Primordial Images
Primordial Image ‘I call the image primordial when it possesses an archaic character. I speak of its archaic character when the image is in striking accord with familiar mythological motifs. It then expresses material primarily derived from the collective unconscious, and indicates at the same time that the factors influencing the conscious situation of the moment are collective rather than personal’. Jung distinguishes the interest accorded by the conscious mind to these impersonal, universal problems between an illegitimate one, ‘when they are either mere intellectual curiosity or a flight from unpleasant reality’, and a legitimate one, ‘when they arise from the deepest and truest needs of the individual’ (Jung, 1990, The basic writings of Carl Gustav Jung. New York: Princeton University Press, p. 156). Jung defines a mythological motif as ‘a continually effective and recurrent expression that reawakens certain psychic experiences or else formulates them in an appropriate way’ (Jung, 1990, p. 263).
Absolute beginning Through Mircea Eliade’s vast record and analysis of patterns of images (Eliade, 1971, Patterns in Comparative Religion, London: Sheed and Ward), and their correspondent ‘existential situations’, it is possible to identify the more recurrent image in the work of these artists, that of the ‘conjunction of the opposites’ (or ‘union of the polarities’), as well as its correspondent existential situation, that of the ‘restoration of the original time’ (or ‘restoration of the creative time’, or simply ‘return to the origin’), within the pattern of ‘absolute beginning’. This seems to fit the endeavour of the artistic avant-garde, not only for its fundamental search for the new, but also for the radical means used to attain it: a creative process not merely to create the new but to establish a new order of creation.

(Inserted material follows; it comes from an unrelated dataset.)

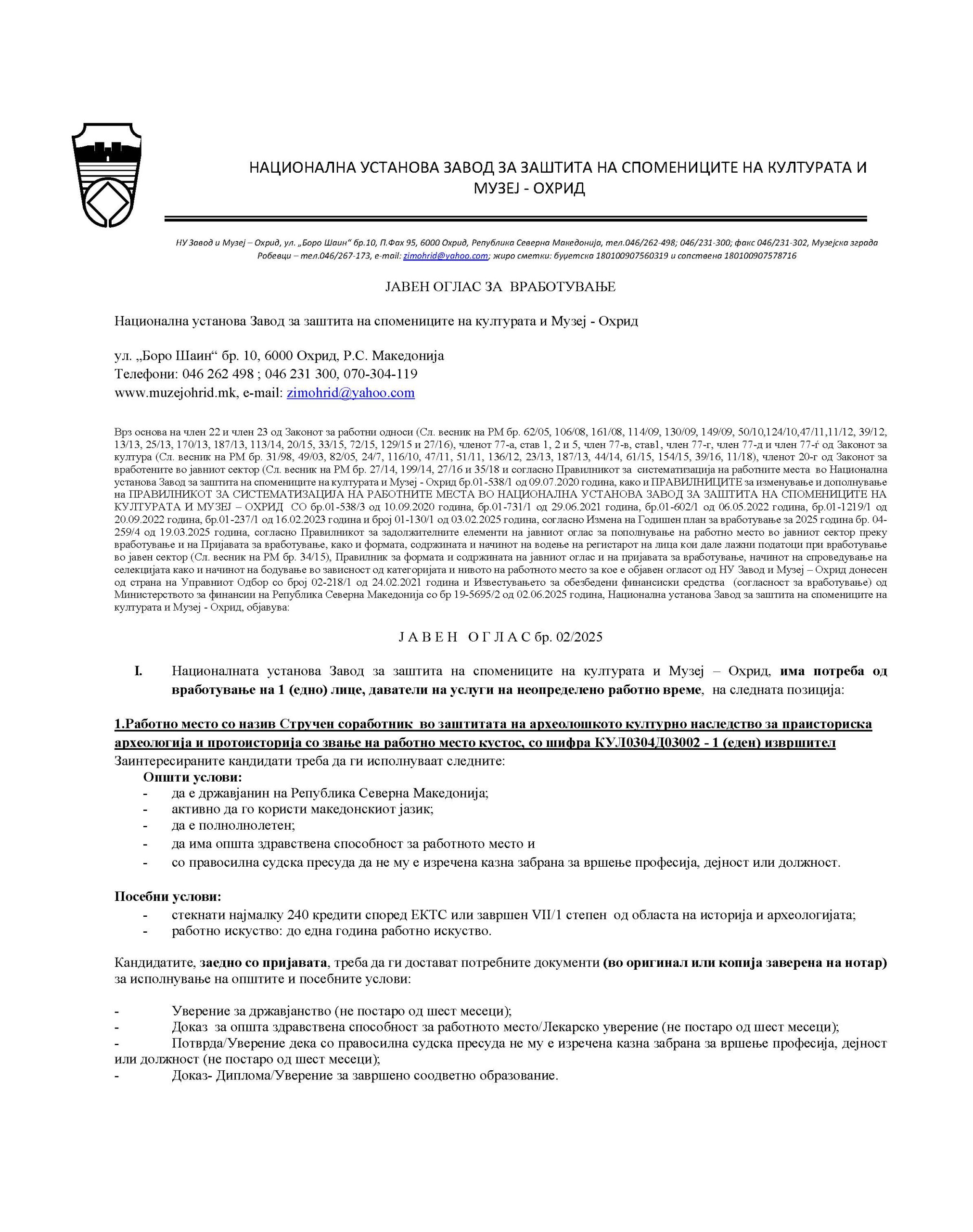 Published inјавен оглас за вработување во НУ Завод и Музеј Охрид_Page 02

'Religere' and the archetype With Eliade, and also with Jung, it is possible to argue that the primordial images and their array of renderings aim at reconnecting – ‘religere’ – man with the purposefulness of his experience, for they establish, empirically and immediately, the coherence between the deeper layers of unconscious knowledge and the awareness of the present. Jung and Eliade agree on the role of the archetype concerning what might be acknowledged as the religious attitude: ‘religious ideas do not, in psychological reality, rest solely upon tradition and faith, but originate with the archetypes, the “careful consideration” of which – religere – constitutes the essence of religion’ (Jung, 1990, The basic writings of Carl Gustav Jung. New York: Princeton University Press, p. 93); ‘religious life and all the creations that spring from it, are dominated by what one may call ‘the tendency toward the archetype’ however many and varied are the components that go to make up any religious creation (any divine form, rite, myth or cult) their expression tends constantly to revert to an archetype’ (Eliade, Patterns in Comparative Religion, London: Sheed and Ward, p. 58). An archetype ‘can be conceived as a mnemic deposit, an imprint or engram, which has arisen through the condensation of countless processes of a similar kind’ (Jung, 1990, p. 263).